Hong Kong also enjoys preferential access to the mainland through the Closer Economic Partnership Arrangement (CEPA), yet we are hindered by restrictions on entry into certain core industries, such as genetic testing and therapies which we have a strong edge in. If designated parties in the Loop area could be exempt from these restrictions, both sides of the border would benefit.

We can make a similar case for other entities that fall within the I&T value chain: can companies in the Loop, after getting a Hong Kong patent, enjoy a faster application process for a Chinese patent? Can biotech companies in the Loop enjoy priority review by the mainland’s drug regulating body? These are endeavours that we could embark on.

At the same time, Hong Kong needs more innovative industrial policies. Amid heated debates over an occupancy in Yuen Long Industrial Estate, we should be asking what we can do to nurture critical, valuable, and high-end research and development (R&D) and manufacturing. Our industrial estates will remain vacant otherwise.

Plans to establish Taiwan-based chip manufacturers in Hong Kong over the years reportedly failed to materialise. It was also reported that a pharmaceutical company’s interest in setting up a vaccine plant here was not proactively received.

Similarly, there was talk that a leading contract research organisation (CRO) had explored settling in Hong Kong several years ago, yet we did not have flexible enough occupancy policies to accommodate its large-scale R&D activities. All these companies went elsewhere.

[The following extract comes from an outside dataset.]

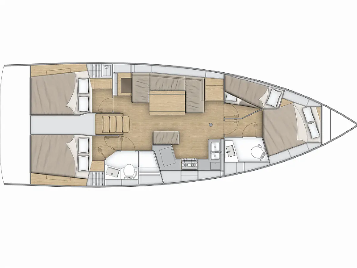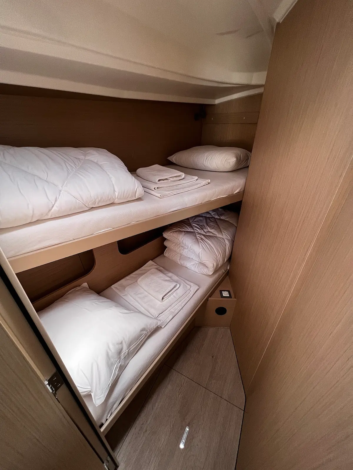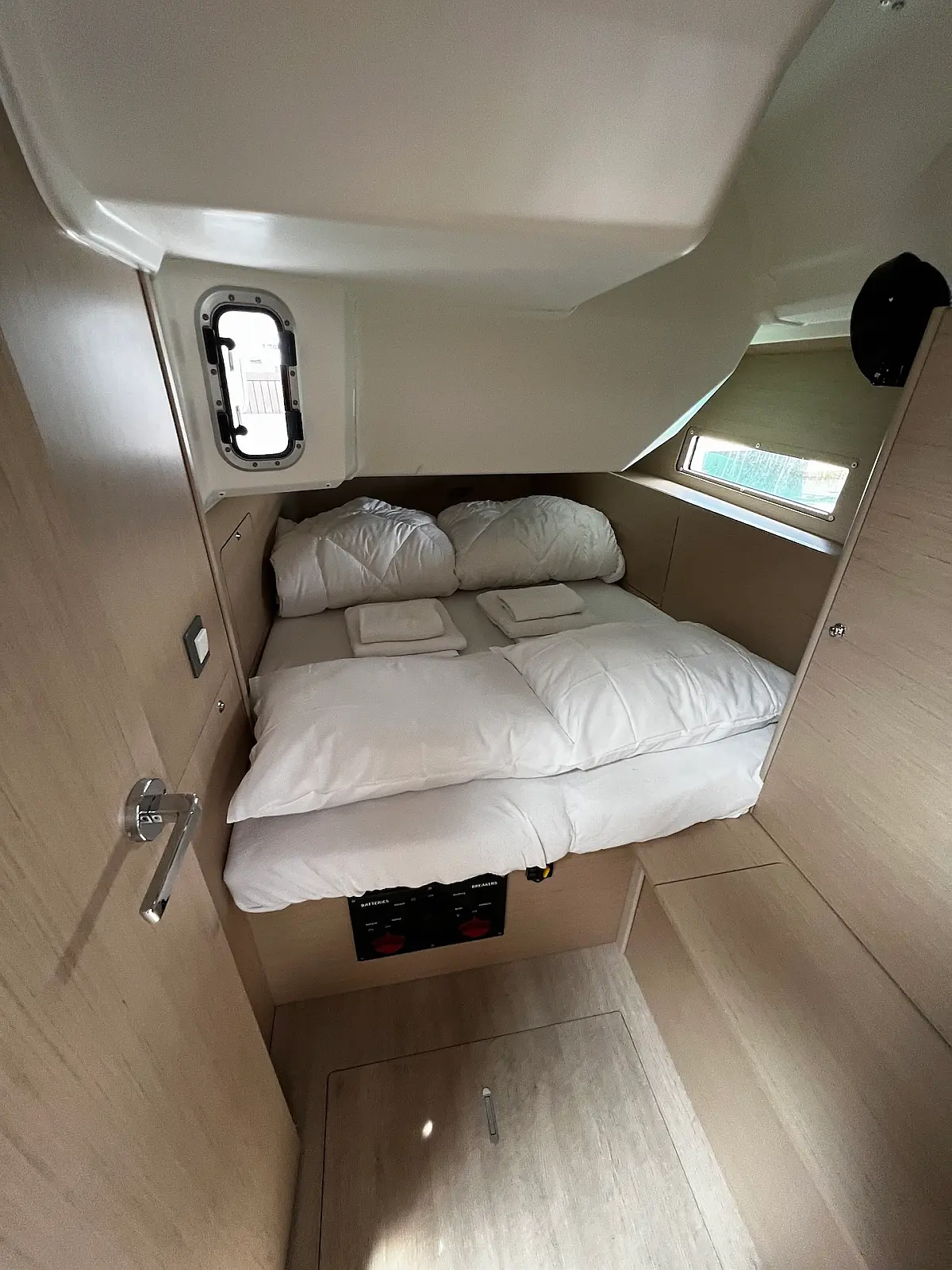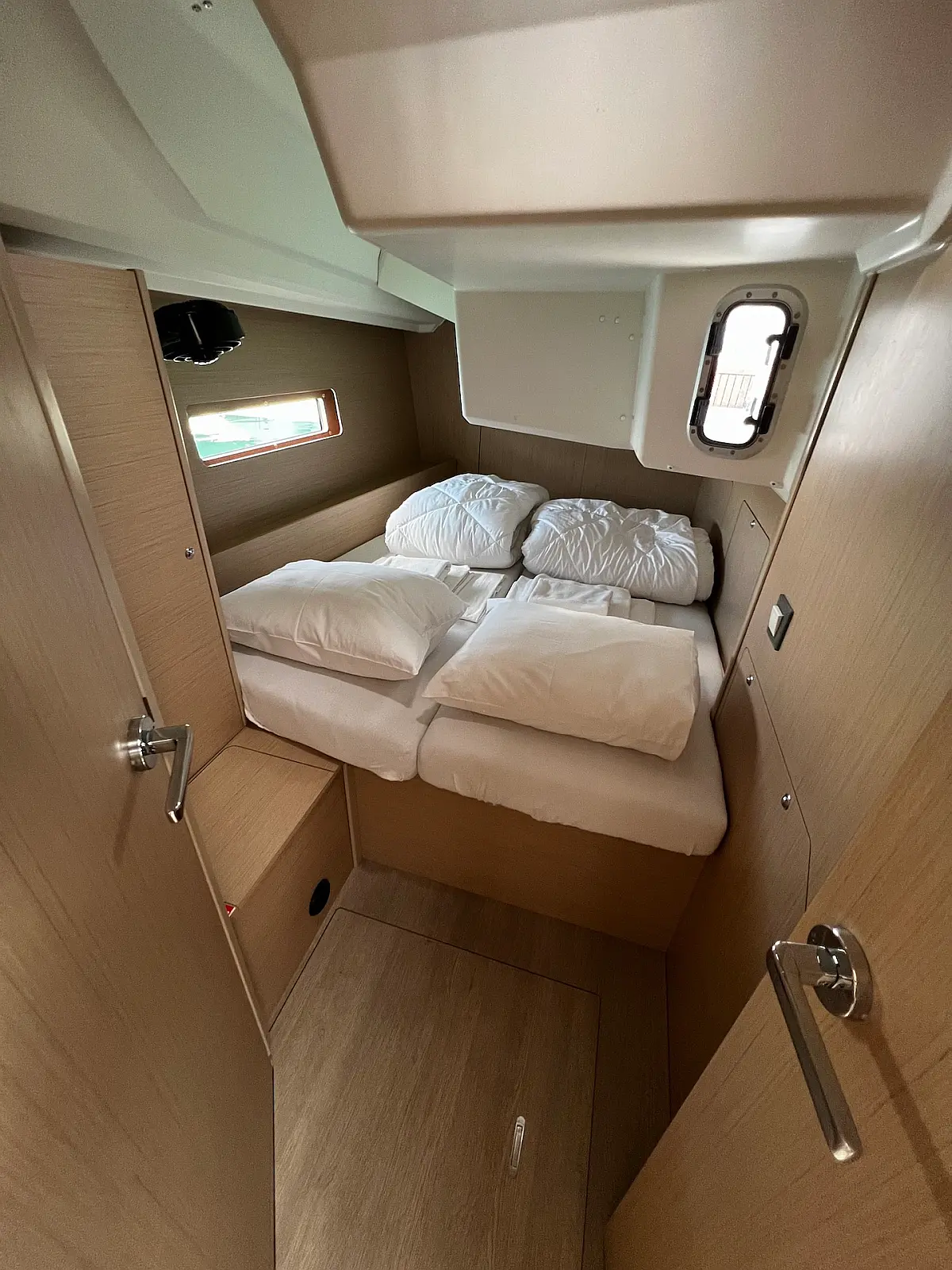 Refrigerator, Dinghy, Heating, Solar Panels, Electric toilet, Bimini, Swimming platform, Cockpit cushions, Sprayhood

Of course, we have produced a couple of exceptional tech companies in recent years, yet funding and other incentives offered elsewhere make their long-term presence in our hometown uncertain. Hong Kong’s pride, metaverse pioneer Animoca Brands, just secured US$110 million in funding, with the bulk coming from Singapore’s Temasek.

As Lee has rightly pointed out, we have been in dire need of talent, especially in I&T, for years. Another local gem, AI-biotech company Insilico Medicine moved from the US to our Science Park three years ago. But it has also established a base in Suzhou, and given the mainland’s aggressive talent acquisition policies, we can’t afford to be complacent.

In short, the creation of a Northern Metropolis will not inherently result in the rise of a new centre of innovation. The government put forward some proposals on core infrastructure last year, yet we are still awaiting more extensive industrial policies.

We hope next week’s policy address will add some concrete plans to the government’s vision, and address some, if not all, of the most commonly raised problems.

Apart from common industrial policies, the promised I&T development blueprint should also outline key emerging industries that Hong Kong could lend its capabilities to, specific areas we should specialise in, industry-specific regulatory reforms and clear GDP goals.

We are confident in the government’s determination and are truly looking forward to its fast and big moves to transform adversity to opportunity.